The desire of the fellow for applause and his thirst to display his skill by defeating some one was all too evident.

Suddenly he turned sharply to again face Frank.

“How about you?” he asked.

Merry lifted his eyebrows.

Hodge felt a tingling, for he realized that an open challenge was coming.

“About me?” repeated Frank questioningly.

“Yes, how about you? You think you can fence.”

“I have fenced—a little.”

“I was told to-day that you are a champion at everything you undertake. That’s ridiculous if you undertake many things. You have undertaken fencing. Well, I’d like to convince some people that there is one thing at which you are not much of a champion.”

“Would you?” asked Merry, smiling pleasantly.

“Indeed I would. The crowd wants to see a fencing bout to-night. Marlowe has taken water. He isn’t here. You are here. Of course we can’t fence for honors in the series, as you have not been engaged in previous contests. All the same, we can give an exhibition go. There will be an element of uncertainty about it. What do you say?”
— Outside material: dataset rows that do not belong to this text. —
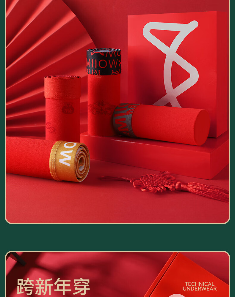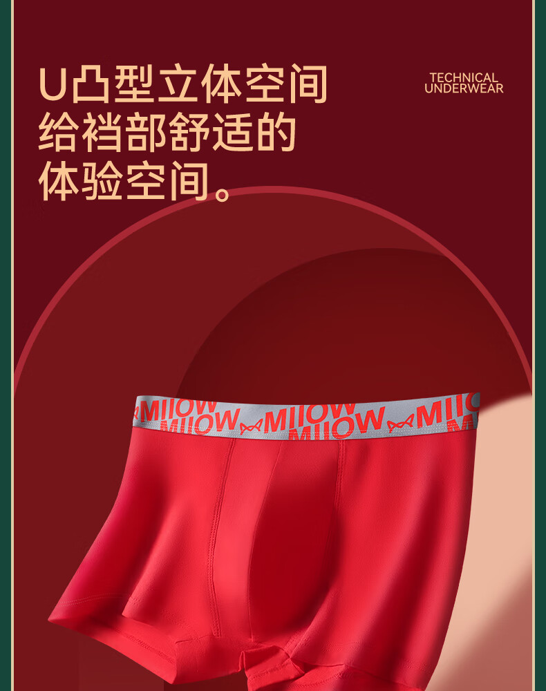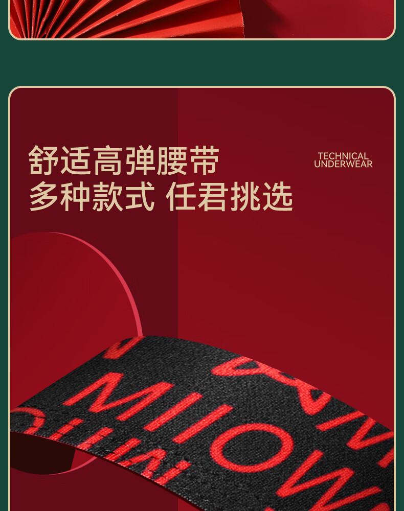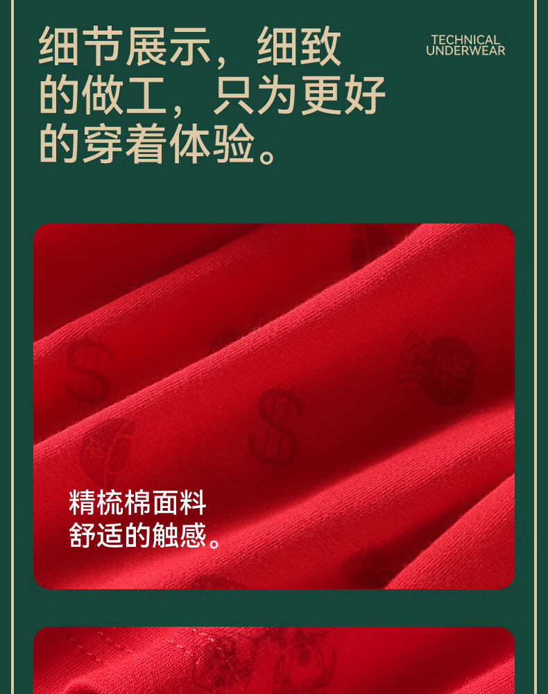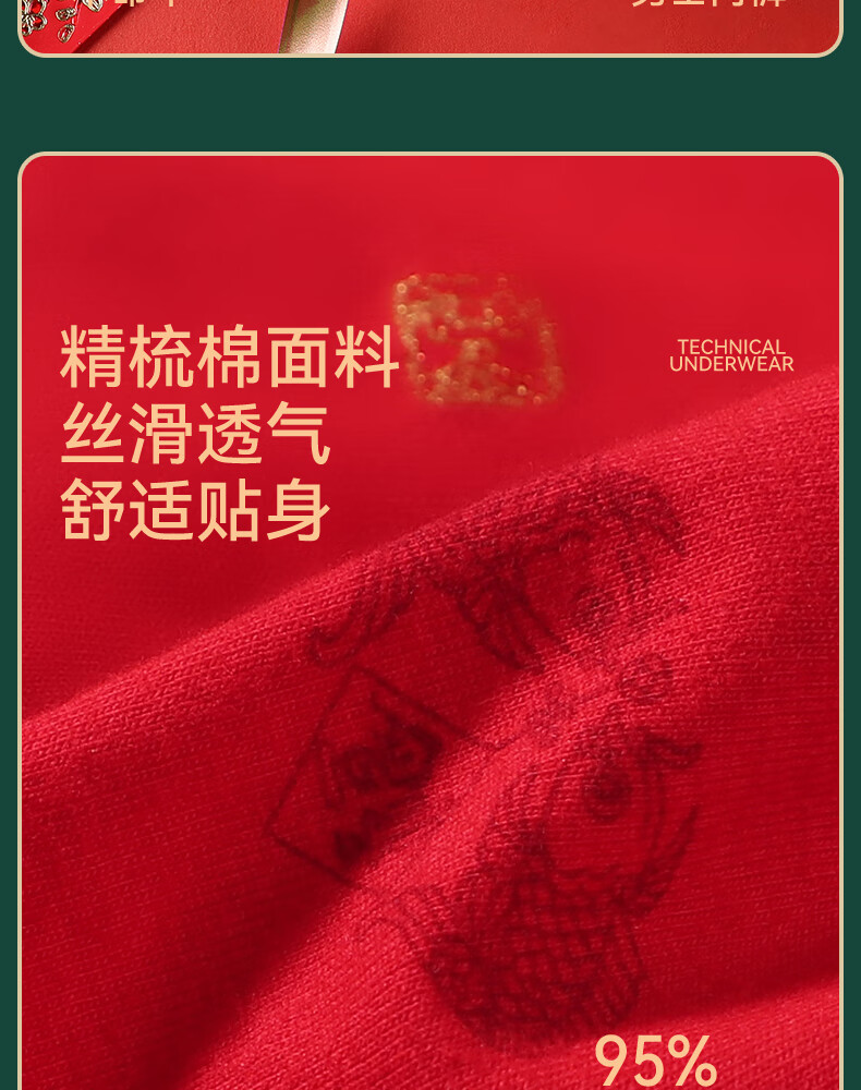 猫人男士内裤本命年新款纯棉中老年红色抑菌新年爸爸底裤短裤 净色/印花/黑巾/两双大红袜【3条装+2双袜子】 2XL 【推荐125-140斤】
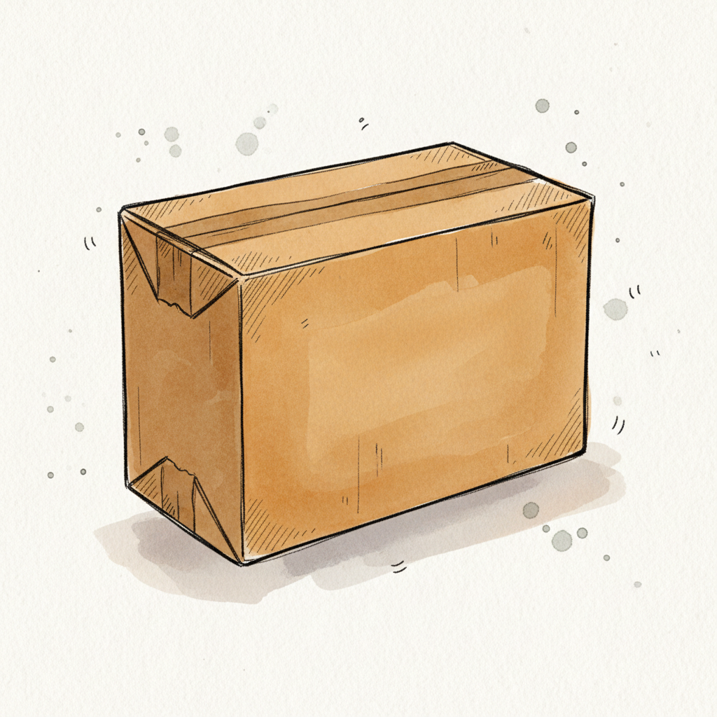 Handgezeichnete braune Kartonschachtel mit Aquarell-Textur auf hellem Hintergrund.
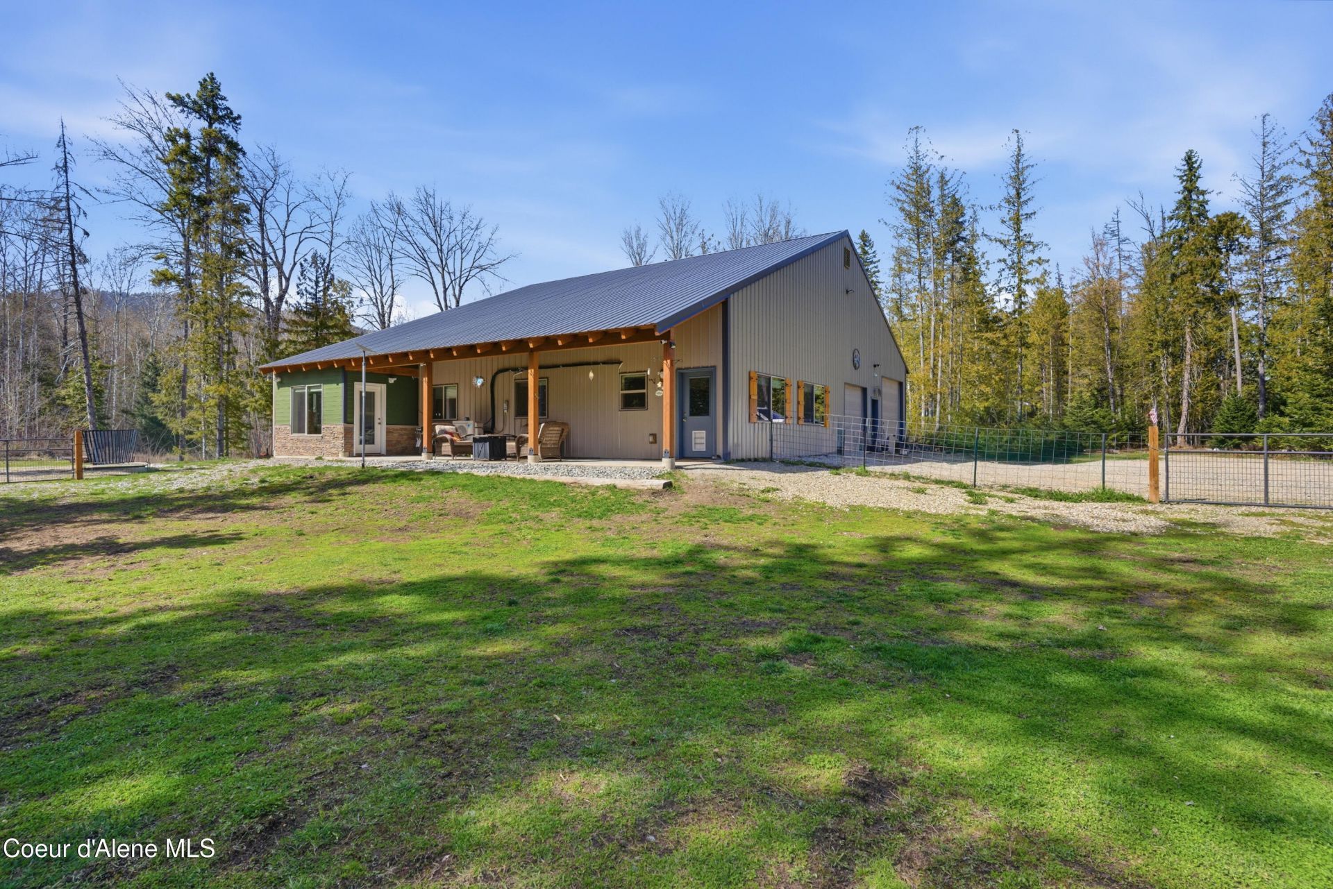 Discover the perfect North Idaho shophouse...ideal for a homestead, hobbyist, or anyone needing extra indoor parking and workspace. This unique property features 2 spacious master ensuites, dedicated office space, and an open-concept kitchen and living area. Enjoy seamless indoor-outdoor living with access to a tongue & groove open beam patio from both the kitchen and primary suite perfect for entertaining or relaxing. The oversized attached shop/garage is fully insulated with 3 roll-up doors(with openers), 2 man doors, and a drive-thru bay...ideal for projects, storage, or equipment. The flat, treed acreage offers privacy while maintaining a park-like setting, plus a fenced yard for pets or play. Conveniently located with easy highway access between Sandpoint and Bonners Ferry, this versatile property blends comfort, functionality, and rural charm. An amazing setting to call home!
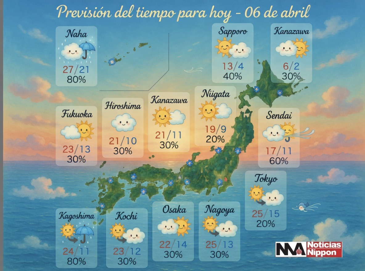 Japón vive este lunes un marcado contraste climático que anticipa el cambio de estación. Desde la región de Kanto hasta Kyushu, el país experimenta un día mayormente soleado con temperaturas en ascenso que rozan —e incluso superan— niveles propios del verano, mientras que en el extremo sur y suroeste se encienden las alertas por lluvias intensas y tormentas eléctricas.
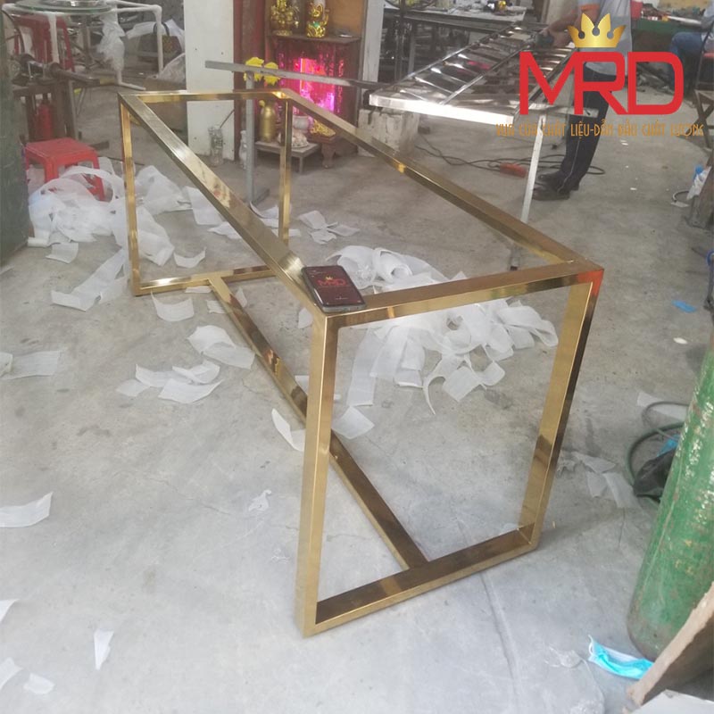 Khung chân bàn inox. Được thiết kế sản xuất sản xuất gia công bằng chất liệu inox 304 , cùng với độ chính xác, chất lượng inox cao cấp sang trọng, cùng với độ bền vượt trội cộng với độ thẩm mỹ cao theo yêu cầu trong trang trí nội thất. Gia công inox theo yêu cầu
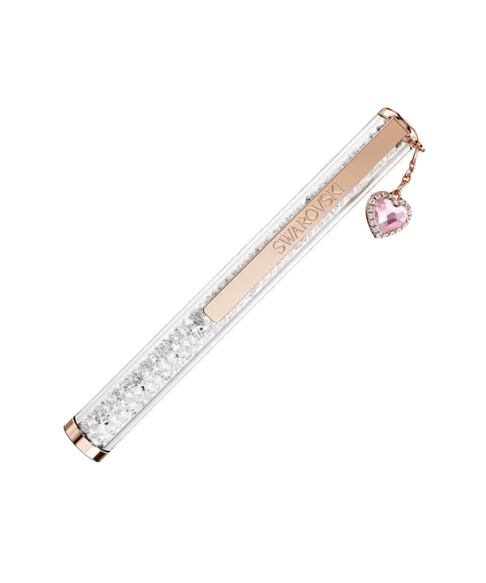 This slender ballpoint pen offers a timeless accessory for endless creativity. The slimline design is filled with around 400 clear crystals, which are visible through the long transparent window. Along with a lacquered pink barrel, the pen includes rose gold-tone plating, as well as a pink love heart charm - symbolizing affection, intention, and a personal touch behind every word written. Gift to yourself or someone you adore. Refills of black and blue inks are available to purchase in Swarovski stores.
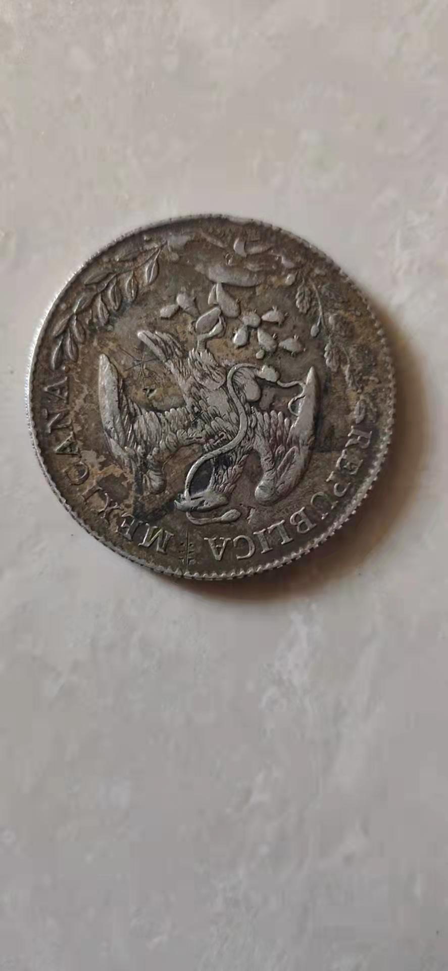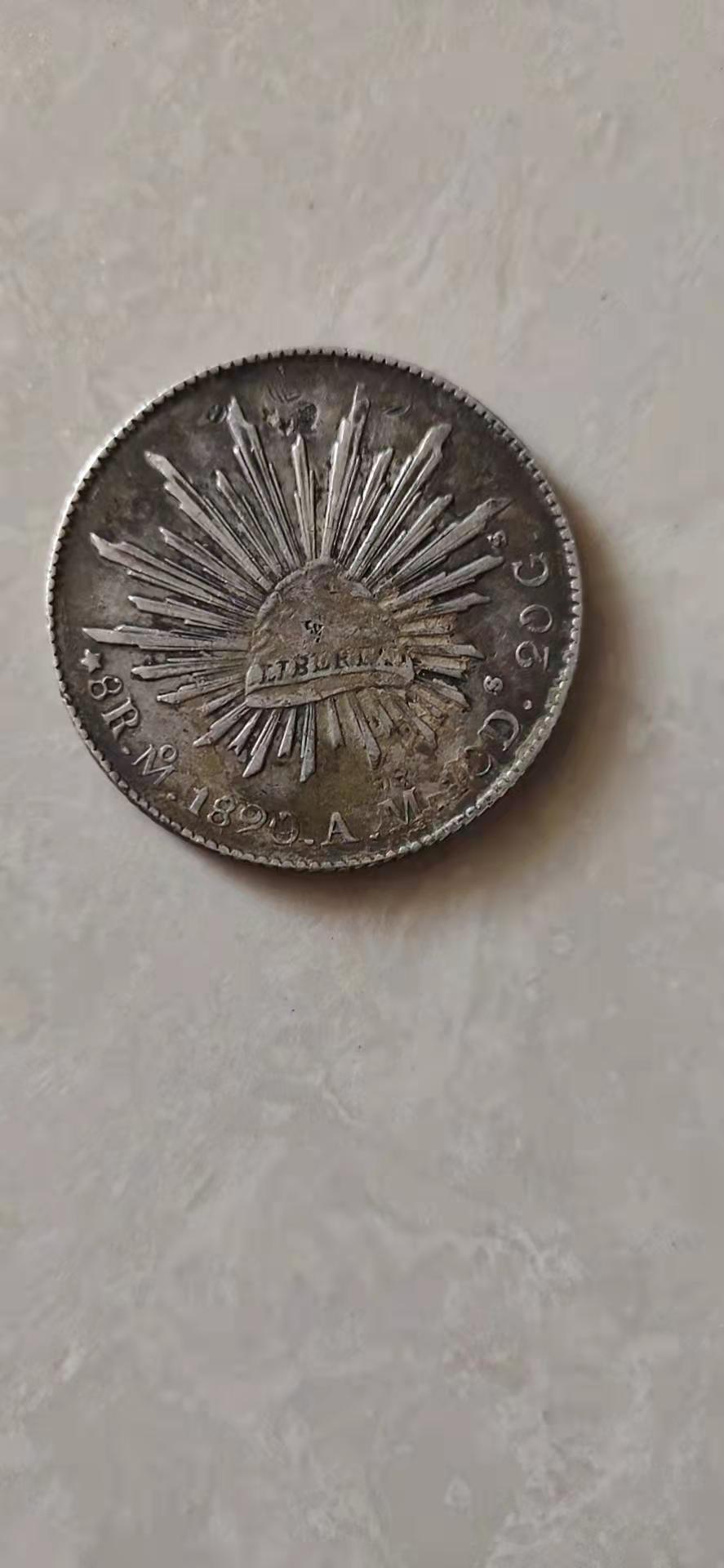 英文翻译:Mexican silver, also known as "ink silver" or "eagle ocean", later misrepresented as "British ocean". It refers to the new coinage used after the independence of Mexico in 1821. It was minted from 1823. There are generally two types of eagle Ocean, the lace eagle Ocean before 1897 and the straight edge Eagle Ocean after 1898. During the late Qing Dynasty and the Republic of China, the foreign silver dollar was imported into China from Mexico. According to the survey of the branch in the second year of Xuantong (1910) of the Qing Dynasty, there were about 1.1 billion foreign silver dollars in circulation in China at that time, and one third of them were Mexican eagles.
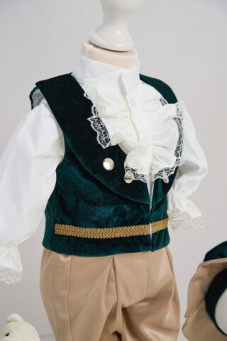 Costum botez cu sacou slim-fit din catifea – 5 piese
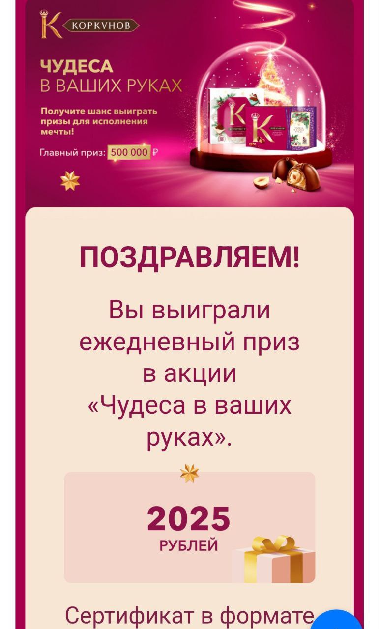 Внимание! Данная акция завершилась. Перейти на текущую акцию Коркунов «У волшебства есть вкус» 2025 →
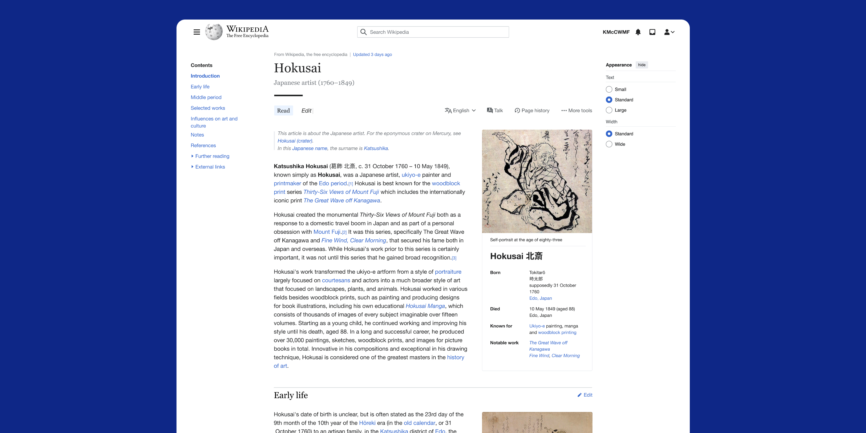 | Visual design exploration to improve the desktop reading experience. This work contributed to Wikipedia’s first major desktop interface update in twelve years. Read Wikimedia Foundation’s article on the project and my post on introducing a layout grid.
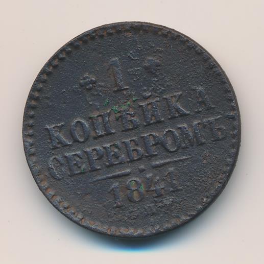 Лицевая сторона — вензель Николая I в бусовом ободке, оборотная — надпись «1 КОПЕЙКА СЕРЕБРОМ» и дата. Нормативный вес — 10,24 грамма, гурт гладкий.

“Why, I don’t know——” came slowly from Merry, as if he hesitated over it.

“Oh, if you’re afraid,” sneered Darleton—“if you haven’t the nerve, that’s different.”

A strange, smothered growl was choked back in the throat of Bart Hodge.

“I don’t believe I am afraid of you,” said Frank, with the same deliberate manner. “I was thinking that such an affair would be quite irregular if interpolated with the finals.”

“Don’t worry about that. If you are willing to meet me, I’ll fix it.”

“Of course I’m willing, but——”

“That settles it!” cried Darleton triumphantly. “You hear him, gentlemen. He’s ready to fence me. He can’t back out.”

“As if he would want to back out!” muttered Bart Hodge softly. “You’ll get all you’re looking for to-night, Mr. Darleton.”